Although the agents in the script make use of theory of mind, they do not remember the choices of their opponent. Instead, when they see the outcome of a game, they form beliefs about what the opponent is going to do next time and forget what they saw. As an alternative type of agent, a high memory agent is a zero-order theory of mind agent that remembers what his last choice was. That is, the high memory agent forms beliefs about what his opponent is going to do in reaction to him playing each of the possible tokens. In terms of memory, a high memory agent uses about the same amount of space as a second-order theory of mind agent, although this space is used differently. Although the high memory agent is not available in the script on this page, this agent is included in the applet example, which you can download at the bottom of the page.

Controls

The script has a number of controls to allow users to judge the effect of using a higher order of theory of mind on the performance of agents in the limited bidding game.

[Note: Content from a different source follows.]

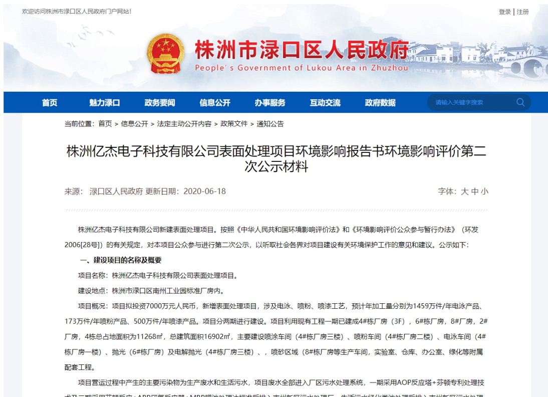
图 2 征求意见稿网络公示截图 2

  • Player 1/2 theory of mind: The radio buttons determine the order of theory of mind of the two players. Players can be any order of theory of mind up to second-order. Additionally, the second player can be controlled by a human user.
  • Learning speed: Determines how quickly an agent changes his beliefs based on new information. A learning speed of 0.0 means that an agent does not learn at all, and will always do the same thing. An agent with learning speed 1.0 on the other hand believes that the previous game gives him all the information he needs to predict his opponent’s behavior. Agents do not try to model the learning speed of their opponent; if the two agents have different learning speeds, they will not be able to correctly model the beliefs of their opponent.
  • Reset game: Resets the game to the start situation. The score and accuracy information is reset to zero as well.
  • Start/Stop: Starts or stops the automatic play of limited bidding games. This can only be done when player two is not user-controlled.
  • Play round: Play one game of limited bidding. This can only be done when player two is not user-controlled.
  • Token buttons: When player 2 is user-controlled, selecting one of the available orange numbered tokens performs a move in the game.
  • Show mental content: A human player can use the graphs to determine what the agent believes that the human player will do next, or what a computer agent would believe if he were the one to play next instead of the human player. For a human player, the game is more challenging if the graphs are not visible.

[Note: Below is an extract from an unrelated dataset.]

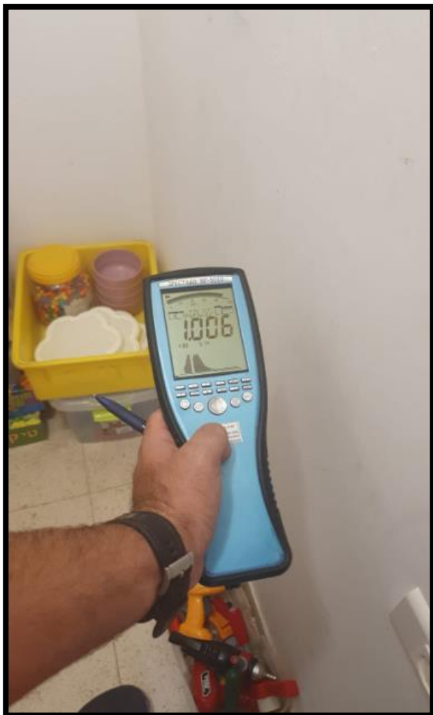
תמונה 2: הערך הנמדד במרחק 30 ס"מ מגב לוח חשמל

With the applet, you can see how agents perform better when their theory of mind level increases. The applet also shows that second-order theory of mind agents outperform agents with more memory in Limited Bidding, even though they don’t do better in simple games like Rock-paper-scissors.

An older version of the limited bidding script is available as a Java applet. However, for security reasons, many browsers no longer allow Java applets to be run from a web browser. The Limited Bidding applet can be still be downloaded for offline use. As an additional feature, this Java implementation also includes high memory agents.